* Problem to work on: A faithful copy is needed of the lines below from the one with "(图:美国ESRD患者采用的" up to and including the one with "Below is an"; set it down with no pictures and no other lines.

* Records provided:
=== Section Start ===

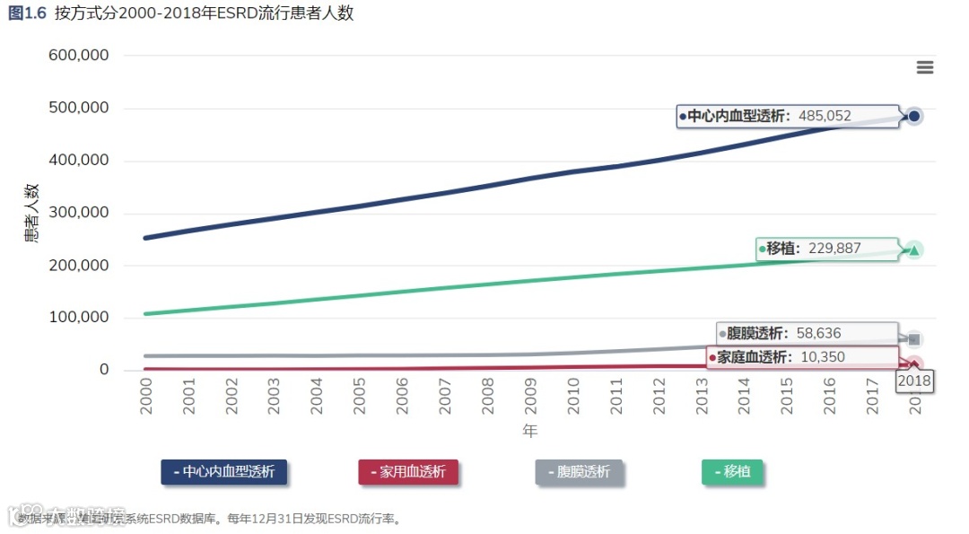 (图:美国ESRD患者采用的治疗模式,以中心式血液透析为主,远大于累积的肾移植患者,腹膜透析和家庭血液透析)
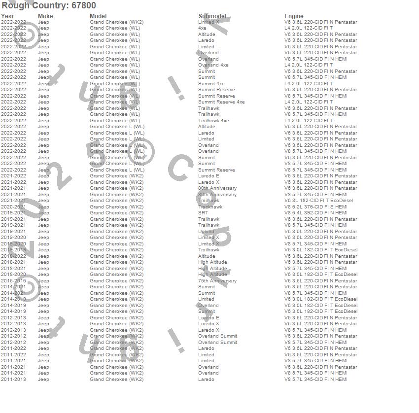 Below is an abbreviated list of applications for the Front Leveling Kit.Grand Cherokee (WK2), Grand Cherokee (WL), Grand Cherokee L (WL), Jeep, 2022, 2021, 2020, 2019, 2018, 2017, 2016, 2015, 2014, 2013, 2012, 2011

=== Section End ===
=== Section Start ===

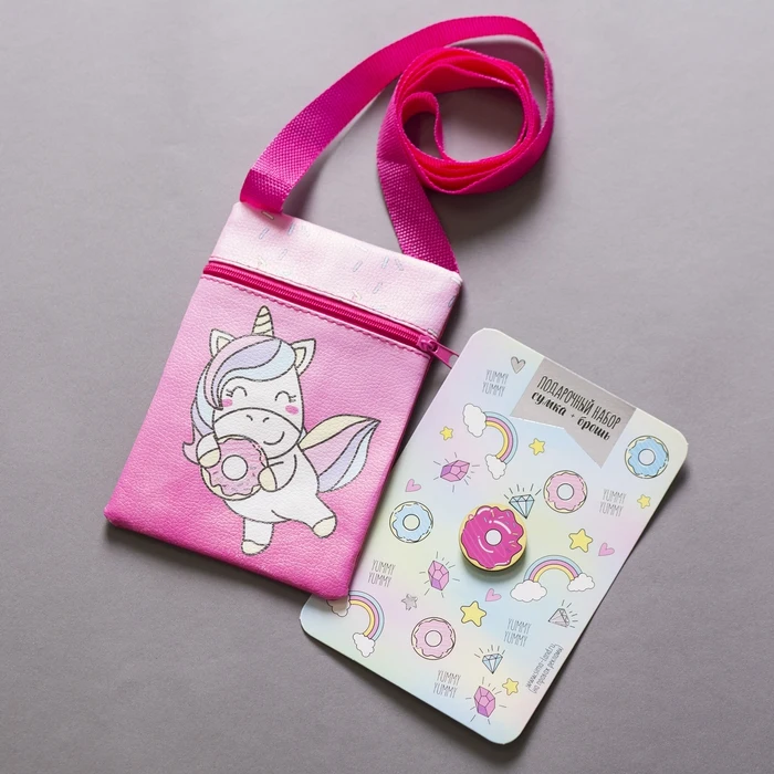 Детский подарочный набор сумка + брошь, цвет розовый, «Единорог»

=== Section End ===

* Response for this exercise:
 (图:美国ESRD患者采用的治疗模式,以中心式血液透析为主,远大于累积的肾移植患者,腹膜透析和家庭血液透析)
 Below is an abbreviated list of applications for the Front Leveling Kit.Grand Cherokee (WK2), Grand Cherokee (WL), Grand Cherokee L (WL), Jeep, 2022, 2021, 2020, 2019, 2018, 2017, 2016, 2015, 2014, 2013, 2012, 2011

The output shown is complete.